_Exercise requirements_: Each line below from the "This wool stretch-twill" line through the "A blue Audi" line, those two included, must be restated word for word; the pictures must not be.

_Provided records_:
+---+
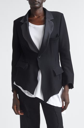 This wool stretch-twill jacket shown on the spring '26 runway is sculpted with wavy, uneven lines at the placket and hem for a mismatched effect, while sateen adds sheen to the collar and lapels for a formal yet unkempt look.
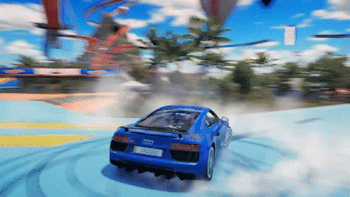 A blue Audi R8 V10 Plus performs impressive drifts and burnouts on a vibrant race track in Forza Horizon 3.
+---+
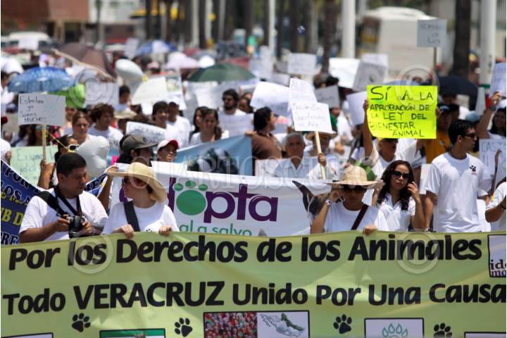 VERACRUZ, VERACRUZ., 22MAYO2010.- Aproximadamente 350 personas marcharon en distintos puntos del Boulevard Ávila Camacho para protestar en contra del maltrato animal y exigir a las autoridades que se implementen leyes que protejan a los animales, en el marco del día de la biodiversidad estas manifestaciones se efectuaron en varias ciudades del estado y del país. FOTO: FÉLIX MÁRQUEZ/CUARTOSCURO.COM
+---+
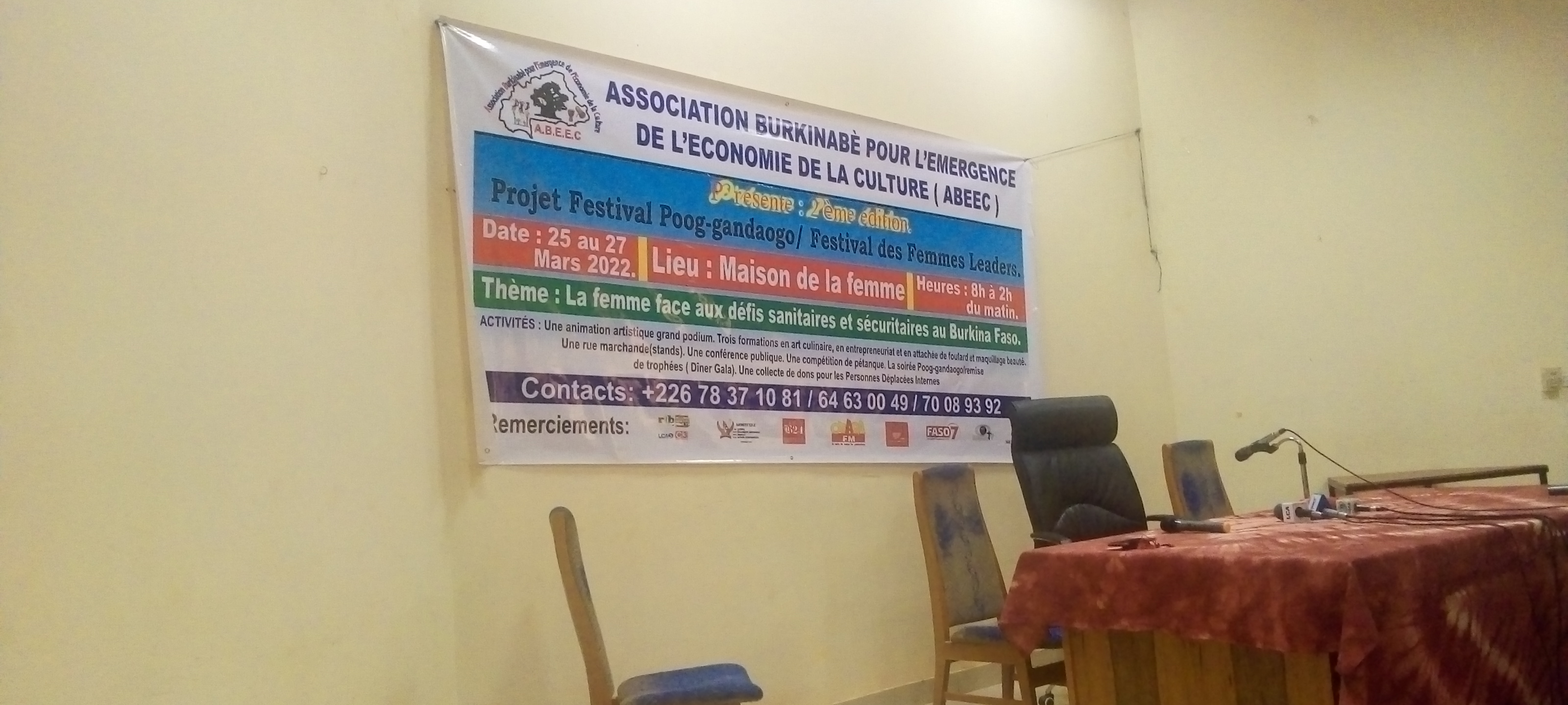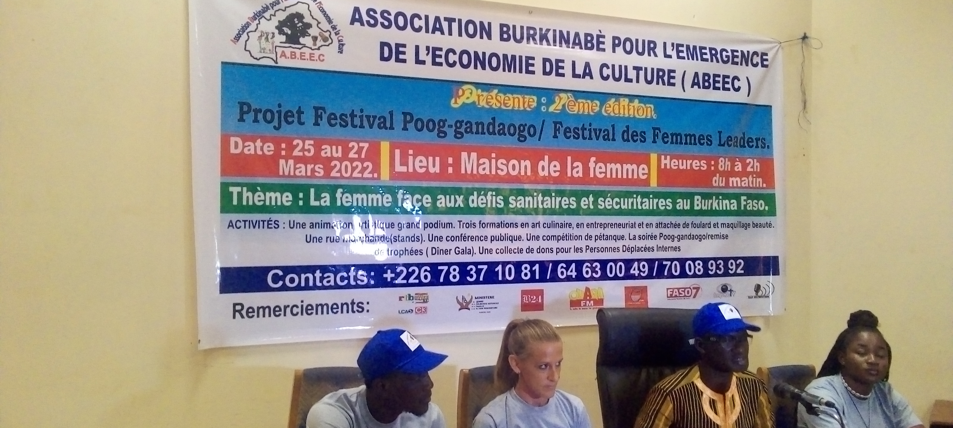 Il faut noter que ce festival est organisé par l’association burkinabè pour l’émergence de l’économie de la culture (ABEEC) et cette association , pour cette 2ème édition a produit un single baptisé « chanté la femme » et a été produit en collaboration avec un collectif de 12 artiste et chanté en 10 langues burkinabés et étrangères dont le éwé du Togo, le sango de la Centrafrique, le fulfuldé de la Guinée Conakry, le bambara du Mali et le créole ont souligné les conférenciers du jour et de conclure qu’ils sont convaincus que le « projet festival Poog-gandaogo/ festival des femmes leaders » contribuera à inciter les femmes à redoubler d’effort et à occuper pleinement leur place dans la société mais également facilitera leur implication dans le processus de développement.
+---+
_Written solution_:
 This wool stretch-twill jacket shown on the spring '26 runway is sculpted with wavy, uneven lines at the placket and hem for a mismatched effect, while sateen adds sheen to the collar and lapels for a formal yet unkempt look.
 A blue Audi R8 V10 Plus performs impressive drifts and burnouts on a vibrant race track in Forza Horizon 3.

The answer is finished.